Swift shot: Whenever I watch a Nicolas Cage movie I always wonder which guy is gonna show up, is he going to take the quirky route, is he really going to immerse himself in his character, or is he just cashing a paycheck?  Seeking Justice is one of those films that he really tries to make his character believable.  He plays Will Gerard, a high school teacher married to a lovely cellist, Laura (January Jones).  Set in New Orleans, this role is a far cry from his Bad Lieutenant character set in the same Big Easy.  But, he really plays a bit of a pussy, if you will pardon my frankness with the language.

I saw the previews for this one and was happy to see Guy Pearce was back in a role I could actually appreciate.  He was brilliant in The King’s Speech, no kidding, but I longed to see him in a more action-based setting.  So, when I got to screen this, I had immediate expectations from this film, it needed to be thrilling, it needed to keep my attention throughout, and it needed to leave a mark, make me want to recommend it to my friends.  Sadly, it only mastered one of those three, it was thrilling, yet somehow I wasn’t pulled into the whole thing, and I can honestly say I would only recommend this film to genre lovers or cult followers of the talented actors.

The film was similar to an 80′s film with Michael Douglas, The Star Chamber.  Seeking Justice is about how far you would be willing to go for vengeance, as justice and vengeance rarely wade in the same pool of blood.  And justice, true justice, never gets hand-delivered with a nice chocolate bar . . . or two.  (See the film for that inside bit).

From almost the first sequence, things go bad for our hero, his wife is raped and robbed whilst he is playing chess with his chum, Jimmy (Harold Perrineau).  Like most self-absorbed guys, Will ignores the seven messages on his phone, not realizing til it is too late that he needs to rush to the hospital.  He finally does get there, and stricken with guilt and despair, he catches the eye of Simon (Guy Pearce) who has a simple proposition for him.  If he gives the appropriate signal, Simon’s team will “take care” of the rapist.  Seeing his wife in a state of suspended vitality, knowing he can’t do anything but be there for her, he is enraged at his ineptness.  He gives the signal and sets into motion the whole film.

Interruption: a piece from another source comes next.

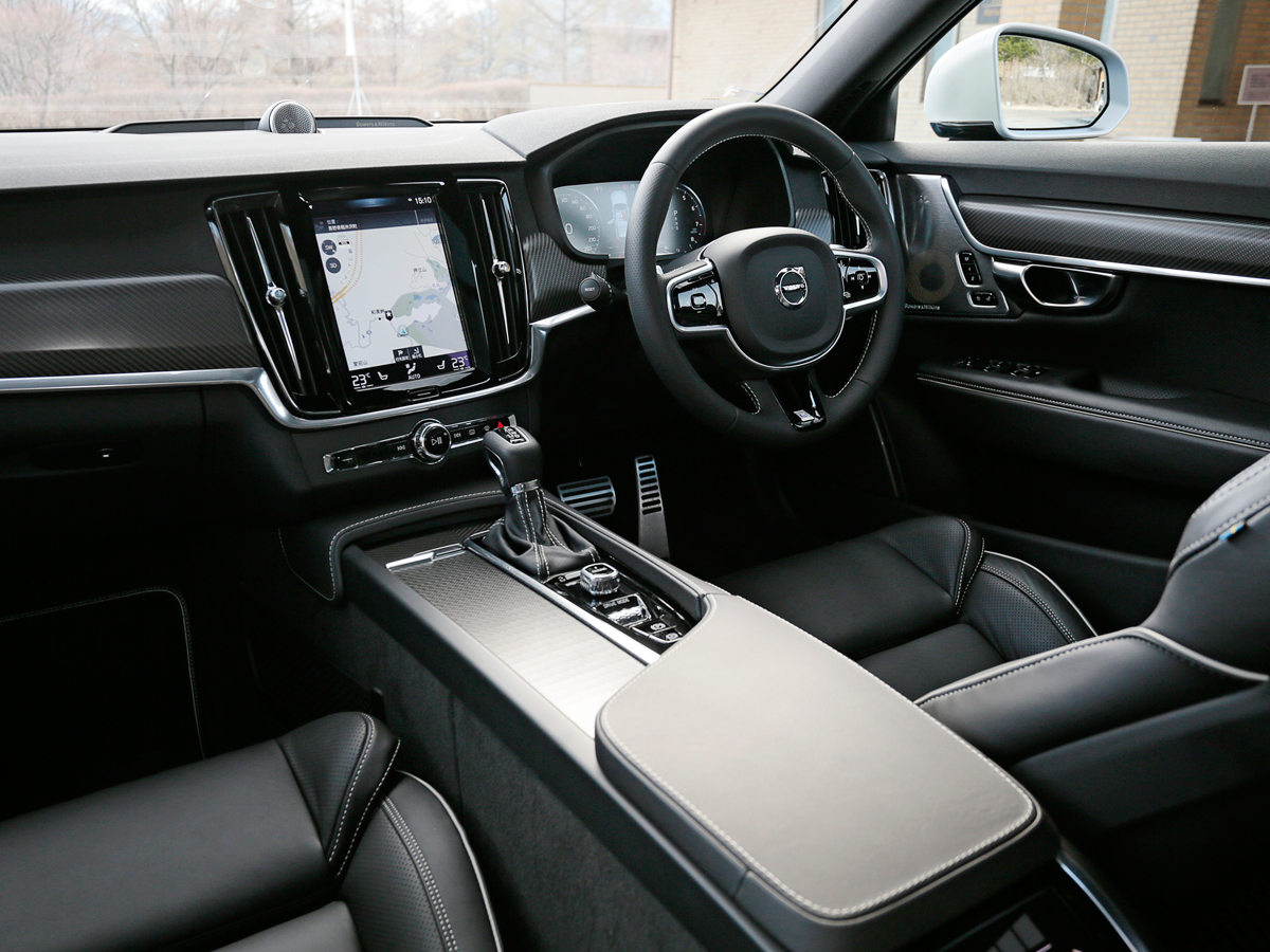 さて、V90のRデザインです。試乗したT6のパワーユニットは、2リッター直4ターボ+スーパーチャージャー(320馬力/40.8kg-m)。2リッターターボを積む「T5」(664万円)と、2リッターターボ+スーパーチャージャー+電気モーターの「T8 ツインエンジン」(899万円)の間に位置する中堅グレードです。

Simon works for, or heads up, an organization of vigilantes who mete out justice as they deem fit.  Any perp who slips by on a technicality, a repeat offender that a lenient judge has allowed yet another chance to reform, or just the most vile scum on the planet are their prey.  In short, they cut the red-tape and deliver “justice” and fill plenty of body-bags in the process.  To whit, Will’s wife’s attacker is dispatched, but it isn’t a professional who does the dirty deed, it’s a normal guy, just like Will, who agreed to take Simon’s help in his own vendetta.  Simon’s payment for his work, you see, is that when he calls on you to do something, you do it.  Kinda like the old mob ruse, “you’ll just owe me a favor . . . someday.”

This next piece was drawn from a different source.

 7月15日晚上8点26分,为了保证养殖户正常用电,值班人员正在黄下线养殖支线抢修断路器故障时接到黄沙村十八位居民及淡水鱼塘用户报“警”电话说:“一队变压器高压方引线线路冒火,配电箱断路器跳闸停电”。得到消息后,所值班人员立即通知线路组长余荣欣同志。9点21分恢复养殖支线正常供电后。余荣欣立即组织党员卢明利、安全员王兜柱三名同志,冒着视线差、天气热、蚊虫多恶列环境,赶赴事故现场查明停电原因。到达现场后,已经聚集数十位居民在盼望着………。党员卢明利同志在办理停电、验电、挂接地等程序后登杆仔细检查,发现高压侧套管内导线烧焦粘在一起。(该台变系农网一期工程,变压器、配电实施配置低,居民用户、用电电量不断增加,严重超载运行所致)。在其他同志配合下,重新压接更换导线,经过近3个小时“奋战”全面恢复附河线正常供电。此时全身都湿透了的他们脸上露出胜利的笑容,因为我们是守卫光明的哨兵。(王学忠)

Eventually, six-months later, Will gets tapped to turn in his favor, and at first it is simple stuff, follow around a guy, give signals to Simon’s team when he is where he is supposed to be, just light surveillance work.  But, as with most thrillers, things start to crank up and Will is asked to ultimately do the wet work and lullaby this pedophile, smut-peddler.  He refuses, of course, because as I said, he is a pussy.  But, to his credit, in more ways than one, he looks before he leaps.  He doesn’t just assume Simon is on the up and up.  And, here is where I got pissed about The Star Chamber too, if memory serves, when Douglas’ character has the group take care of his problems, he is fine, but when the lines start to get fuzzy on who is deemed worthy of execution, he rats on the whole group.  In this case, Will was paid in blood, and thusly, his debt owed was blood, yet he shirked from his duty.

In a very cliched ending, with a bit of a twist I kinda saw coming, the tables are turned on Simon’s team, the good-guys and bad-guys are hard to pin-point and the action picks up towards the end.  But, there was some confusion, on my part, about where the pieces were placed at the end . . . and how they managed to arrive on the board in the first place.  It became a bit like watching a chess match, actually, sans the intellectual intrigue.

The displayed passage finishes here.